_THE TASK:_ What is needed is a word-for-word copy of the lines below from the one with "Если большая группа" through the one with "Fathom 11的根目录!默认位置为:C:\AFT Products\CrypKey", both included, with every picture left out.

_RECORDS FOR PROCESSING:_
■ ■ ■ ■ ■

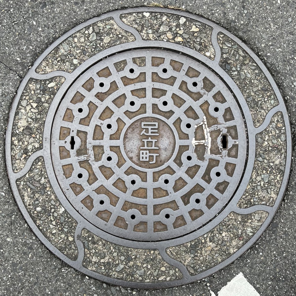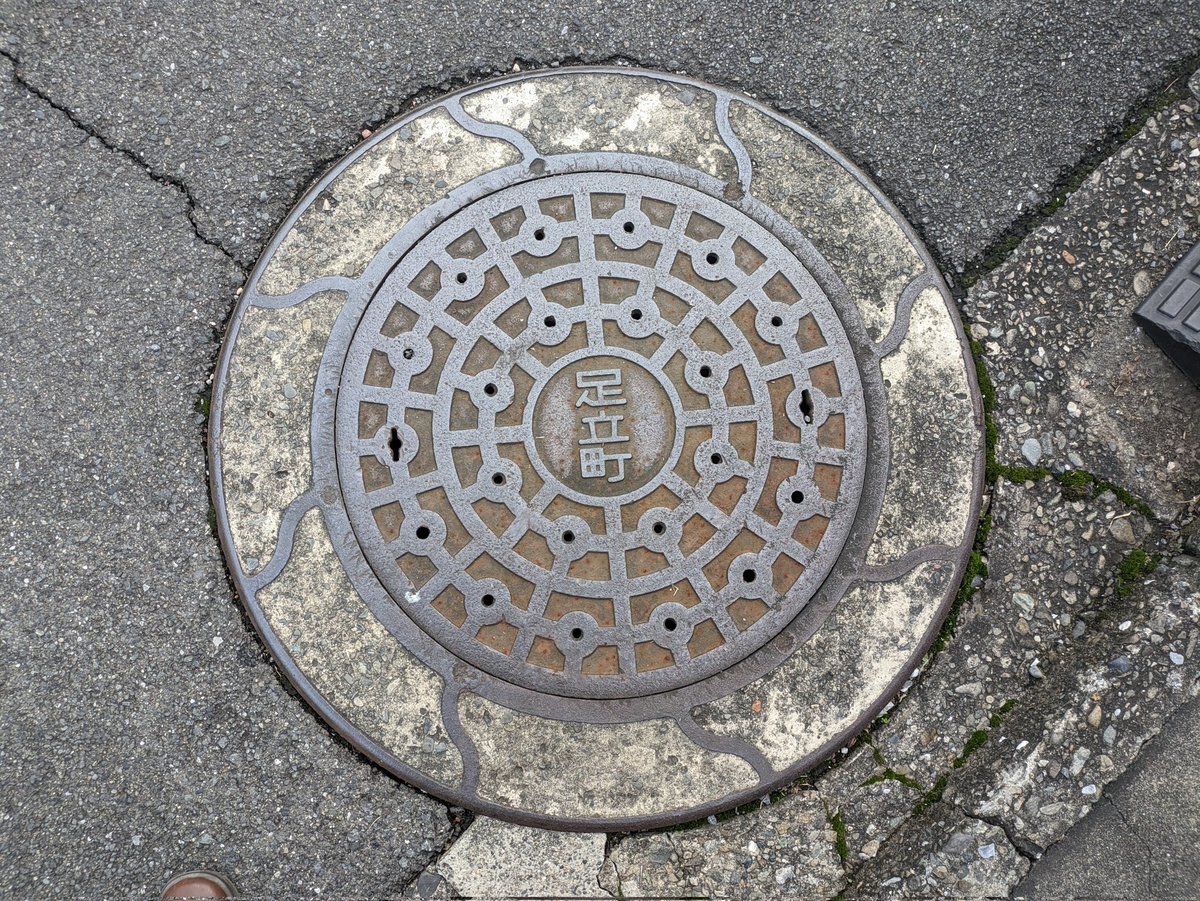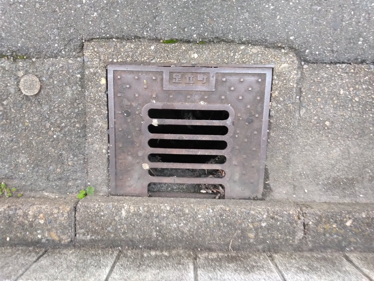 #ちょっと古い蓋 足立町の側溝蓋。 「足立町」の文字が上向きの物と下向きの物が有ります。 pic.x.com/X1sSoJUVvX x.com/manholenight/s…
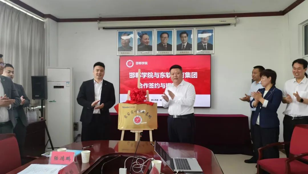 签约仪式上,在校企多方的共同见证下,赵龙副总经理与王宪明副校长代表双方签订战略合作协议,并为“实习实训就业基地”揭牌。
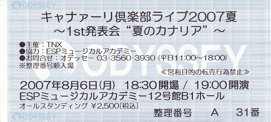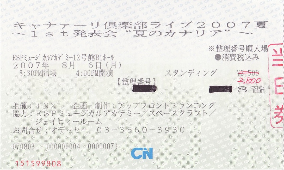 キャナァーリ倶楽部 2007夏「1st発表会“夏のカナリア”」チケット半券
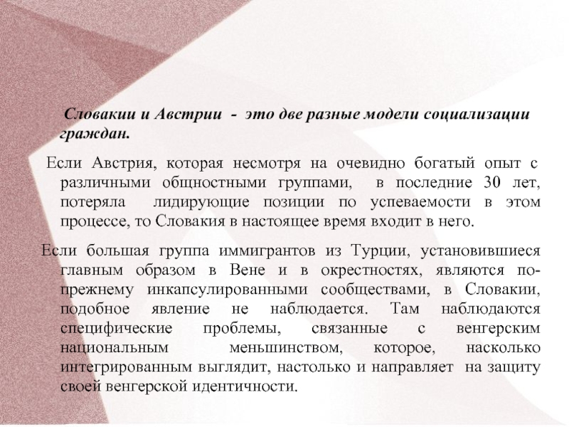 Если большая группа иммигрантов из Турции, установившиеся главным образом в Вене и в окрестностях, являются по-прежнему инкапсулированными сообществами, в Словакии, подобное явление не наблюдается. Там наблюдаются специфические проблемы, связанные с венгерским национальным меньшинством, которое, насколько интегрированным выглядит, настолько и направляет на защиту своей венгерской идентичности.
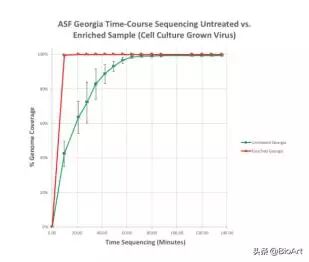在评估MinION平台用于流行病学评估的快速鉴定的可行性方面,作者使用ASF -FAST软件分析了四株遗传学上不同的ASFV分离株的序列数据。他们发现在测序运行开始的10分钟内,所有富集样本90%的基因组均得到了解析。使用新鲜的和冻干血液样本,全基因组序列可在约4小时内获得。
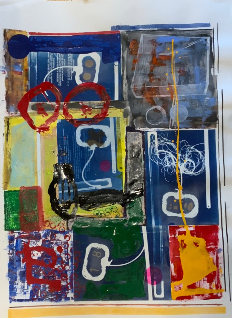 The composition fragments into rigid compartments and overlapping rectangles, a relentless grid that refuses organic flow. White circular and curved forms punctuate the surface with modular logic and serial organization.
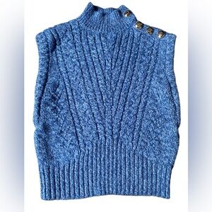 Elegant blue cable knit design. Sleeveless with button accents. Ideal for layering.
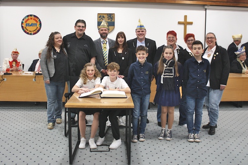 Verewigt zum Sessionsstart: Auch ein Eintrag ins städtische Gästebuch markierte für die designierten Alsdorfer Narrenherrscher den Beginn der jecken Jahreszeit.
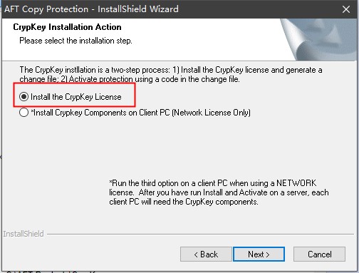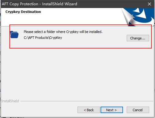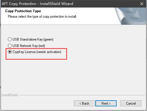注意:这里是AFTCopyProtectionSetup.exe的根目录,不是AFT Fathom 11的根目录!默认位置为:C:\AFT Products\CrypKey
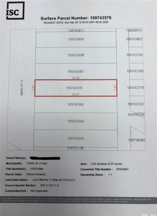 Fantastic opportunity to build your business in Ituna. High profile location on main street. 5 lots consisting of 16,250 sqft with great exposure and access. Lots 5-9 are being sold as one package deal.
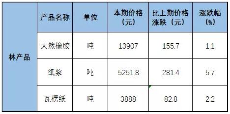 其中林產品領域,1月中旬與1月上旬相比,紙漿價格上漲281.4元,漲幅5.7%;瓦楞紙價格上漲82.8元,漲幅2.2%。
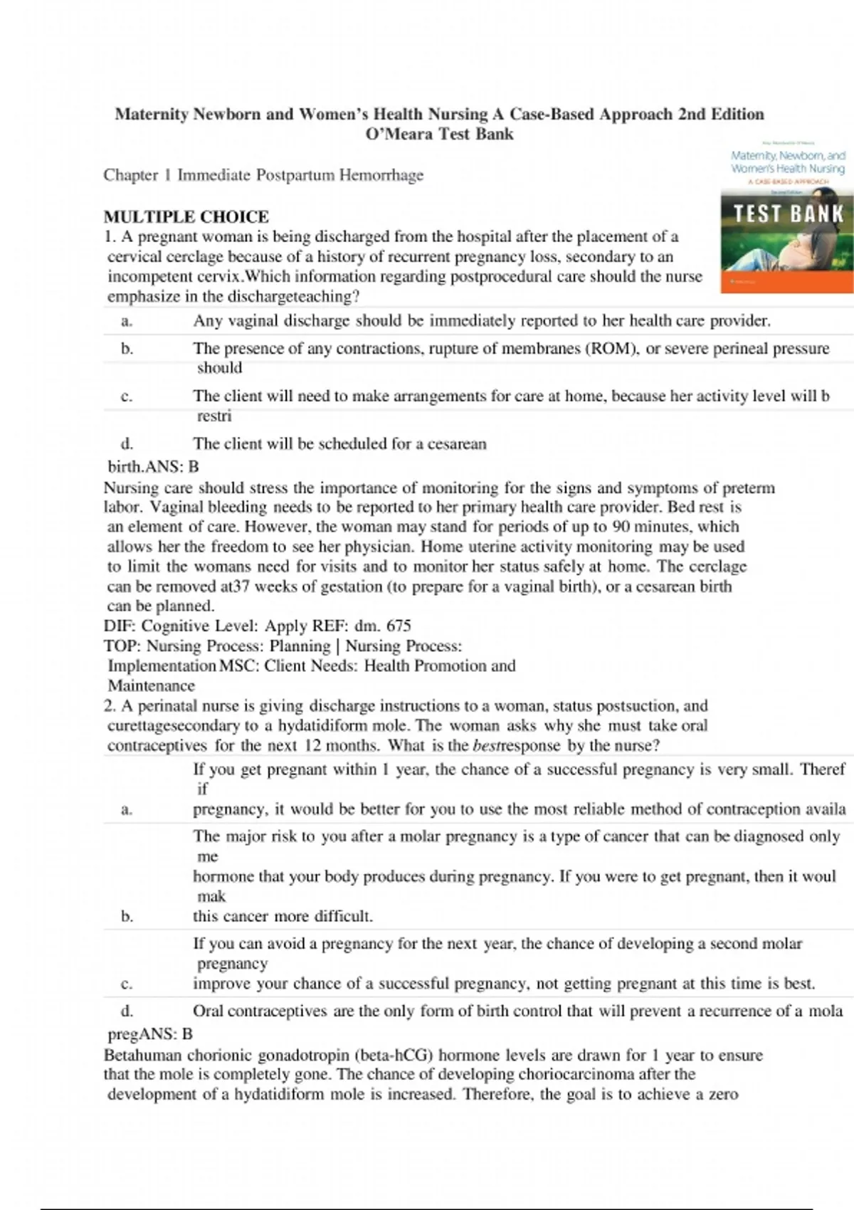 Test Bank for Maternity, Newborn, and Women’s Health Nursing: A Case-Based Approach 2nd Edition by Amy O’Meara
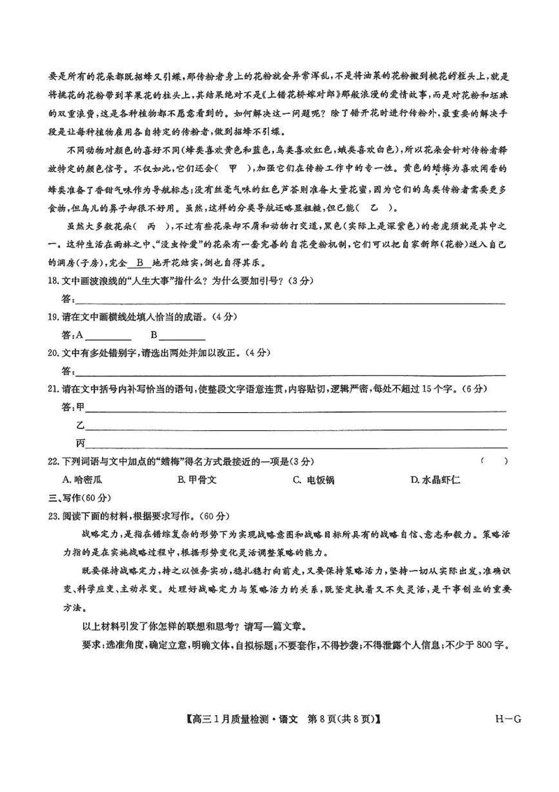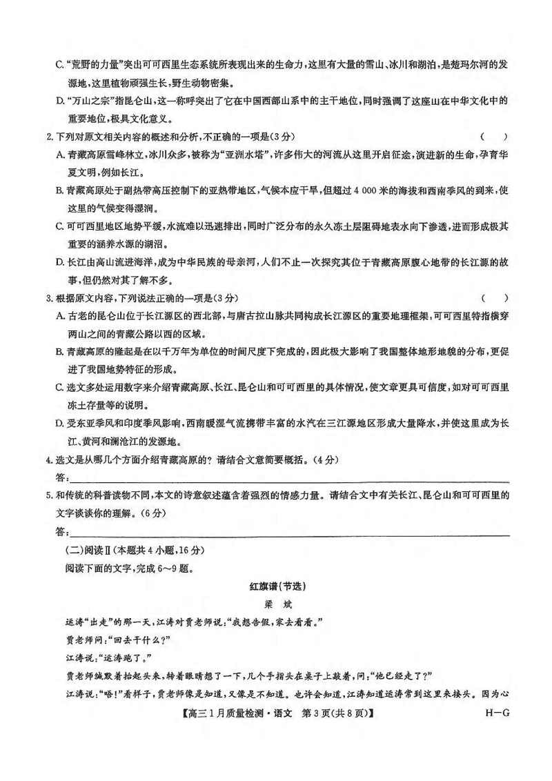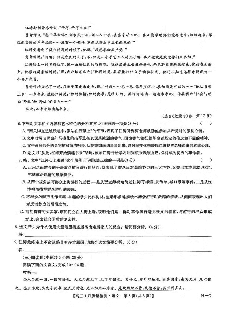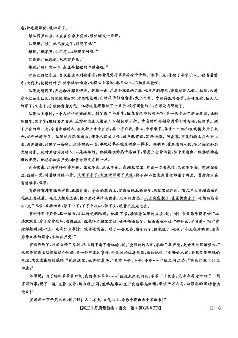 九师联盟2025届高三1月质量检测G语文试题及答案 时间:2025-01-24 语文试题 九师联盟2025届高三1月质量检测G语文考试已于近日开考,为方便考生考后及时查看考试情况,查漏补缺、弥补不足,本文整理了试题答案解析相关信息! 汇总:九师联盟2025届高三1月质量检测G试题及答案汇总 语文试题及答案解析

■ ■ ■ ■ ■

_TASK SOLUTION:_
 Если большая группа иммигрантов из Турции, установившиеся главным образом в Вене и в окрестностях, являются по-прежнему инкапсулированными сообществами, в Словакии, подобное явление не наблюдается. Там наблюдаются специфические проблемы, связанные с венгерским национальным меньшинством, которое, насколько интегрированным выглядит, настолько и направляет на защиту своей венгерской идентичности.
在评估MinION平台用于流行病学评估的快速鉴定的可行性方面,作者使用ASF -FAST软件分析了四株遗传学上不同的ASFV分离株的序列数据。他们发现在测序运行开始的10分钟内,所有富集样本90%的基因组均得到了解析。使用新鲜的和冻干血液样本,全基因组序列可在约4小时内获得。
 The composition fragments into rigid compartments and overlapping rectangles, a relentless grid that refuses organic flow. White circular and curved forms punctuate the surface with modular logic and serial organization.
 Elegant blue cable knit design. Sleeveless with button accents. Ideal for layering.
 Verewigt zum Sessionsstart: Auch ein Eintrag ins städtische Gästebuch markierte für die designierten Alsdorfer Narrenherrscher den Beginn der jecken Jahreszeit.
注意:这里是AFTCopyProtectionSetup.exe的根目录,不是AFT Fathom 11的根目录!默认位置为:C:\AFT Products\CrypKey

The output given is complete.